Hawaiian high: What does it signify?

Deccan Herald , Tuesday, May 14, 2013
Correspondent : Richard Monastersky,
Atmospheric CO2. An infrared analyser atop the Mauna Loa volcano in Hawaii is expected to record a daily concentration of carbon dioxide in the atmosphere of over 400 ppm, a value not reached at this surveillance point for a few million years. The value will be regarded as a symbol of human beings’ contribution to climate change.

Near the moonscape summit of the Mauna Loa volcano in Hawaii, an infrared analyser will soon make history. Sometime in the next month, it is expected to record a daily concentration of carbon dioxide in the atmosphere of more than 400 parts per million (ppm), a value not reached at this key surveillance point for a few million years. There will be no balloons or noisemakers to celebrate the event. Researchers who monitor greenhouse gases will regard it more as a disturbing marker of humanity’s power to alter the chemistry of the atmosphere and by extension, the climate of the planet.

At 400 ppm, nations will have a difficult time keeping global warming in check, says Corinne Le Quere, a climate researcher at the University of East Anglia in Norwich, UK, who says that the impact “is getting very dangerously close to reaching the 2 degrees celsius target that governments around the world have pledged not to exceed.” It will be a while, perhaps a few years, before the global CO2 concentration averaged over an entire year, passes 400 ppm. But, topping that value at Mauna Loa is significant because researchers have been monitoring the gas there since 1958, longer than any other spot.

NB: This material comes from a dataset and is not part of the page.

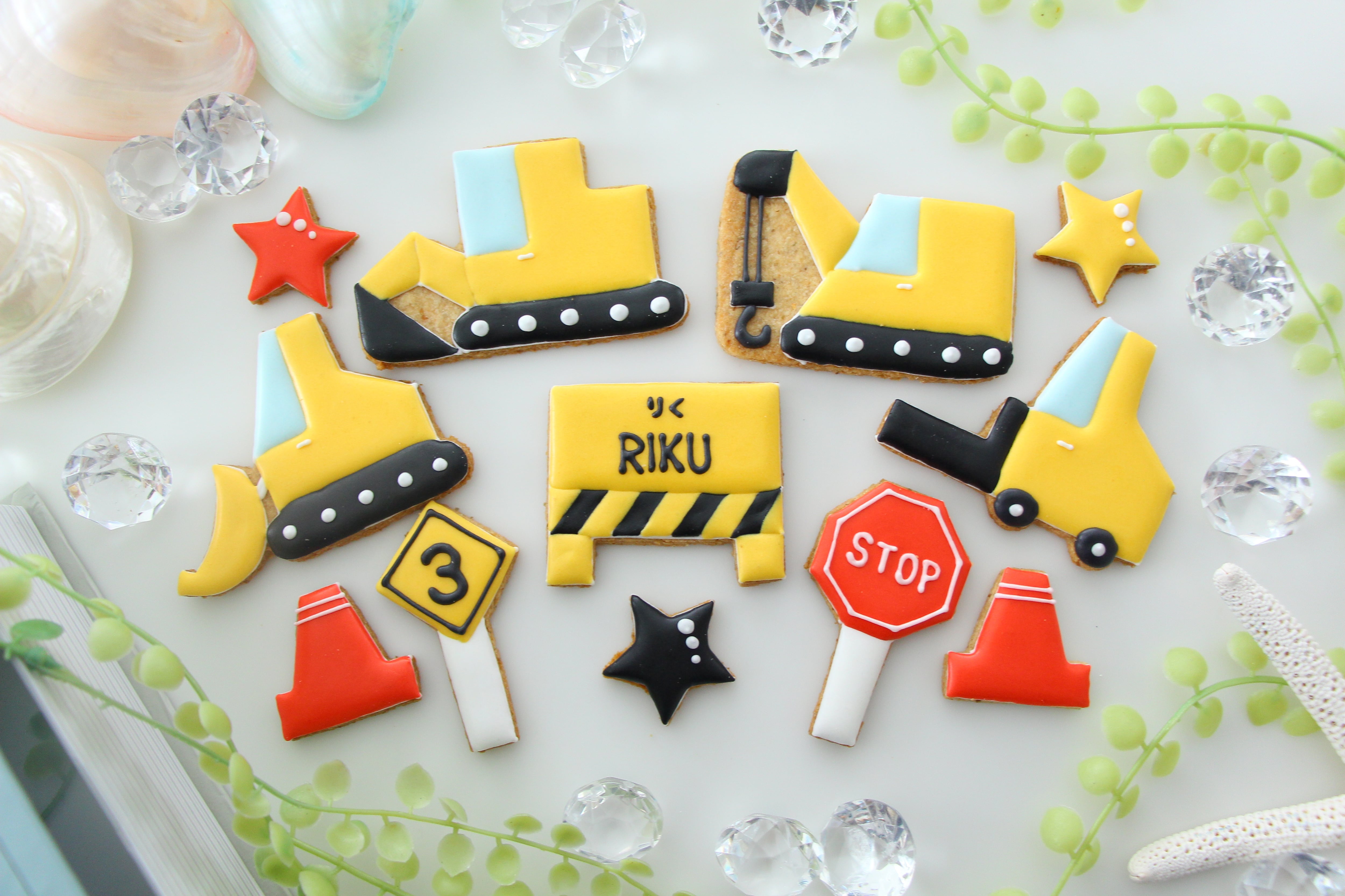 工事現場で大活躍な、クレーン車、ブルドーザー、ショベルカー、フォークリフトより3車両をお選びいただける、遊んで食べられるアイシングクッキーセットです。大切なお子様のお誕生日ケーキの飾りに、是非、いかがでしょうか?

“It’s a time to take stock of where we are and where we’re going,” says Ralph Keeling, a geochemist at the Scripps Institution of Oceanography in La Jolla, California, who oversees that centre’s CO2 monitoring efforts on Mauna Loa. That gas record, known as the Keeling curve, was started by his father, Charles Keeling. When monitoring started, the CO2 level stood at 316 ppm, not much higher than the 280 ppm that characterised conditions before the industrial revolution.

Rapid increase recorded

But, since the Hawaiian measurements began, the values have followed an upward slope that shows no sign of levelling off. Emissions of other greenhouse gases are also increasing, pushing the total equivalent concentration of CO2 in the atmosphere to around 478 ppm in April, according to Ronald Prinn, an atmospheric scientist at the Massachusetts Institute of Technology in Cambridge. Data compiled by Le Quere and other members of the Global Carbon Project suggest that humans contributed around 10.4 billion tons of carbon into the atmosphere in 2011. About half of that is taken up each year by carbon sinks such as the ocean and vegetation on land; the rest remains in the atmosphere and raises the global concentration of CO2.

“The real question now is how will the sinks behave in the future?” says Gregg Marland, an environmental scientist at Appalachian State University at Boone, (North Carolina), who helps to compile the emissions data. The sinks have grown substantially since Keeling began his measurements, when carbon emissions totalled about 2.5 billion tons a year. But, climate models suggest that the land and ocean will not keep pace for long. “At some point the planet can’t keep doing us a favour, particularly the terrestrial biosphere,” says Jim White, a biogeochemist at the University of Colorado Boulder.

As the sinks slow down and more emitted CO2 stays in the atmosphere, levels will rise even faster. While some researchers have suggested that the sinks have already started to clog up, reducing their ability to take up more CO2, others disagree. Ashley Ballantyne, a biogeochemist at the University of Montana in Missoula, worked with White and others to examine records of emissions as well as CO2 measurements made around the globe. They found no signs of sinks slowing down. But it is difficult to be sure, says Inez Fung, a climate modeller at the University of California, Berkeley. “We don’t have adequate observing networks.”

Monitoring carbon sinks

The largest global network, operated by the US, National Oceanic and Atmospheric Administration, had to trim 12 stations in 2012 because of budget cuts. Some of the most crucial areas, such as the tropics, are also the least monitored, although researchers are seeking to fill in the gaps. Scientists from Germany and Brazil are building a 300-meter tower to keep tabs on the Amazon. And Europe’s Integrated Carbon Observation System is setting up stations throughout the continent and at some marine sites to measure CO2 and other greenhouse gases.

Satellites, too, could monitor carbon sources and sinks. Two orbiters are already providing some data, and NASA plans to launch the much anticipated ‘Orbiting Carbon Observatory-2’ next year. An earlier version of that satellite failed during its 2009 launch. Even as new resources come online, however, researchers are struggling to keep the Mauna Loa station going. “The amount of money that I’m able to obtain for the programme has diminished over time,” says Keeling, whose group monitors CO2 concentration at 13 sites around the world. “It’s kind of silly that we chose to go all ostrich-like,” says White of the funding difficulties. “We don’t want to know how much CO2 is in the atmosphere, when we ought to be monitoring even more.”